Although most data elements can be used with confidence, we found a number of data elements to be potentially problematic. The data elements re-abstracted through this audit are all priority items for BORN and its stakeholders, and further investigation of the issues identified will be undertaken by the BORN Data Quality Team to develop strategies to improve the quality of these data elements in the Registry. Ensuring completeness and high validity of the data entered into the Registry and finding ways to enhance data quality are paramount, especially since patient care or funding decisions may be made using administrative or Registry data. The Canadian Institute for Health Information (CIHI) and other clinical registries, are all seeking similar ways to enhance their quality [22, 23, 27]. Based on the results of this audit, and through consultation with experts in the field, a number of recommendations have been identified to improve data quality (Table 2).

Table 2.

Recommendations to improve data quality

Recommendations to Improve Data Quality
 1. Enhance the data dictionary and data entry guidelines documents to standardize collection and use of data in the Registry;
 2. Clarify definitions (e.g., hypertension during pregnancy, location discharged or transferred to, labour type);
 3. Continue to monitor data quality in each organization;
 4. Communicate with hospital users regularly about data quality issues identified and support corrective strategies to reduce the occurrence of errors;
 5. Create site-specific audit tools for hospitals to monitor their own data quality and identify potentially modifiable data quality issues that could be addressed early;
 6. Continue to encourage accurate documentation in the patient health record to ensure complete information for data entry personnel (e.g., newborn pain relief);
 7. Set automatic verification checks at the time of data entry (e.g., height, weight, gestational age);
 8. Create logic checks where possible based on practice guidelines (e.g., fetal surveillance);
 9. Reassess and refine data element pick list options for problematic data elements (e.g., intention to breastfeed, newborn discharged or transferred to, hypertension during pregnancy, maternal smoking at first prenatal visit and at labour) to align these data elements with the patient health record documentation and optimize data capture;
 10. Provide ongoing training for new staff, to ensure that all data entry personnel are aware of the data elements to be entered, where to find the information and how to address issues of discrepancy when they occur.

Limitations

There are limitations to this study. First, the process we used for analysis deviates from some other published data re-abstraction studies [28, 40] insofar as we did not declare the re-abstracted chart data to be the ‘gold standard’. Although sensitivity and specificity can be used to measure the accuracy of data, comparing an external source to a primary source of data requires one of the data sources to be identified as the gold standard [41]. Many factors can affect the quality of data transferred from the patient record, such as observer variation, incomplete or illegible documentation, lack of availability and timeliness of chart completion [42], making it impossible to identify a gold standard from either the original data entered into Registry or the re-abstracted data entered by the auditors. In such cases, when neither data source can be designated as the gold standard, high agreement between the two sources suggests a high degree of validity – a measure of data quality [41, 43].

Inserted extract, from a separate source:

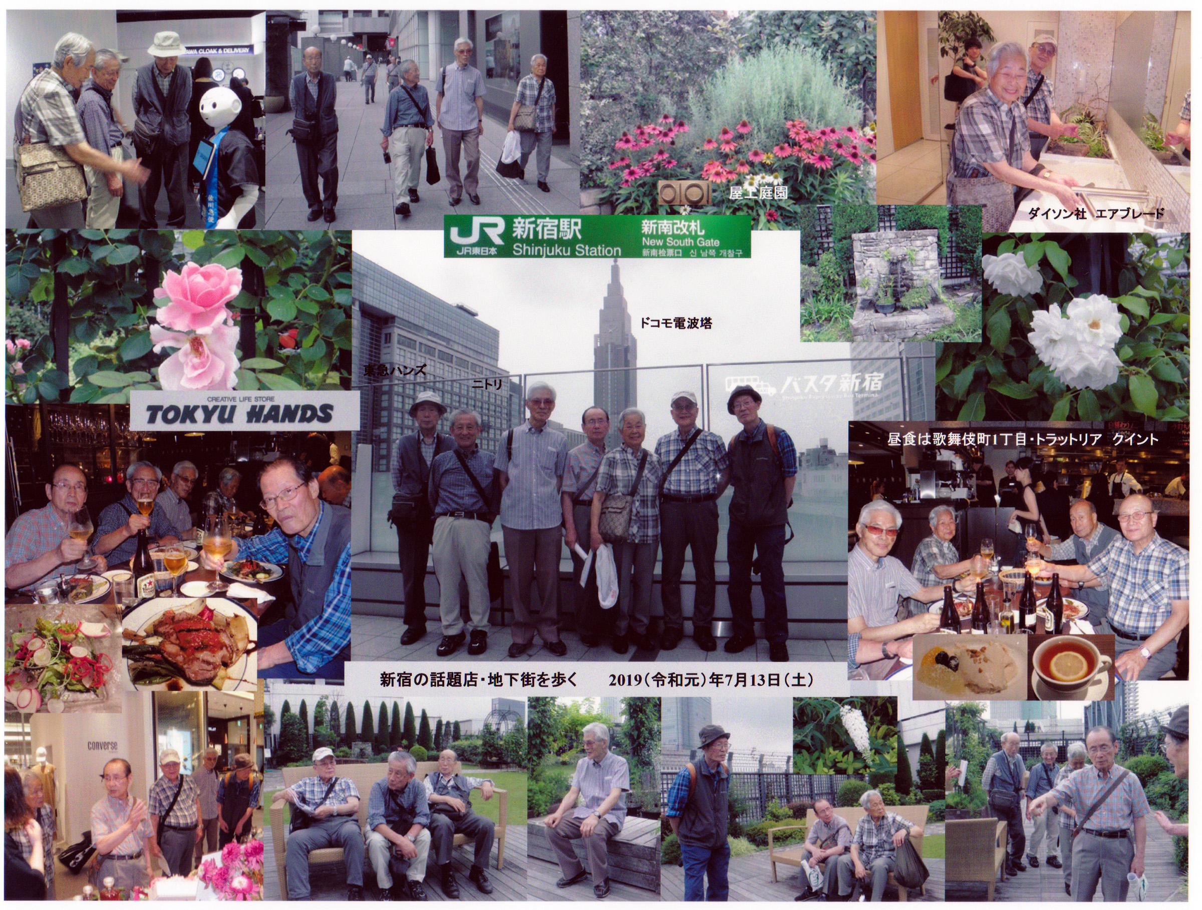 新南改札→dean&deluca見学→観光案内所見学→新宿駅線路上改造→東急ハンズ→ニトリ→最新トイレ手洗器→丸井屋上庭園→トラットリア・クイント(昼食)

Although we compared two data sources we cannot definitively conclude that the differences observed between the two are due to inadequacies in the Registry data, as not all data elements collected in the Registry are routinely available in the patient chart. Additionally, some sites have nursing staff enter data into the Registry in real time while providing patient care. Therefore, the person originally entering data may have much more familiarity and depth of knowledge about the clinical scenario than our abstractors. However, as the hospital chart is the official legal medical record for a patient, it should be considered the standard record of care received. From an analytical perspective, this does not influence the analyses we performed on these data; however, it does impact our interpretation of the results and the implications for improvements in the future.

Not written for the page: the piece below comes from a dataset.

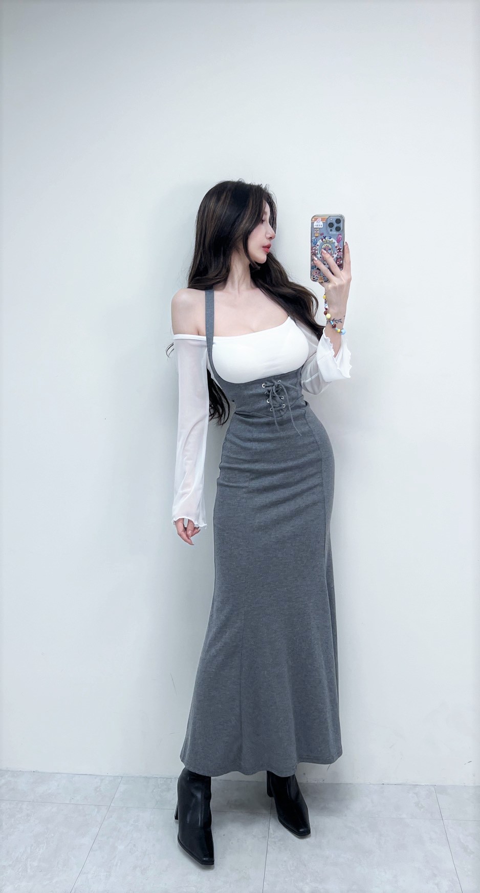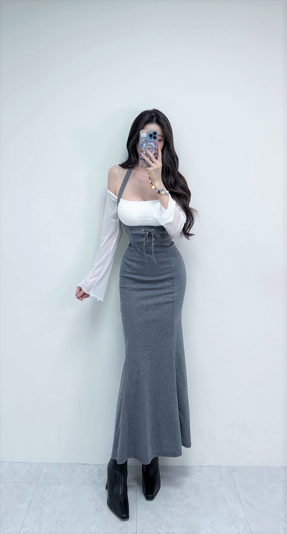 【SET】質感語錄 透紗袖上衣+穿繩綁帶長裙

Where there was disagreement and inconsistency between the two data sources, part of this difference could be due to data error in the Registry, erroneous data entered during the audit, or errors in both datasets. Error due to data entered during the audit is likely minimal given the stringent procedures followed. A prevalence effect due to asymmetrical imbalances of marginal totals may have contributed to low kappa values for some of the data elements [44]. These have been flagged for further investigation.

In addition to these larger considerations, the data abstraction tool used for this work could also be a limitation. Care must be taken to ensure the method of data capture for the re-abstracted data does not introduce additional bias. By using a data entry form in REDCap, that allowed for the entry of data only on a single patient and with built in pick list options and range requirements to facilitate accurate data collection, we were able to minimize the introduction of bias by our abstractors. Using REDCap significantly minimized the introduction of errors from our data abstraction process, as compared to using an Excel spreadsheet (as we did in previous pilot work for this process). However, the REDCap abstraction tool did not mimic the actual data entry screens in the Registry, nor, in some sites, the actual flow of data in the patient health record. As a result, the abstractors did find the flow of data entry into our abstraction tool to be a challenge at times. Given the diversity and unstandardized nature of hospital documentation systems across Ontario, it is challenging to design a tool with a data entry flow to match all possible systems. In the future, ensuring a chronological data flow for our entry tool could improve the process and further minimize errors introduced by the abstraction process.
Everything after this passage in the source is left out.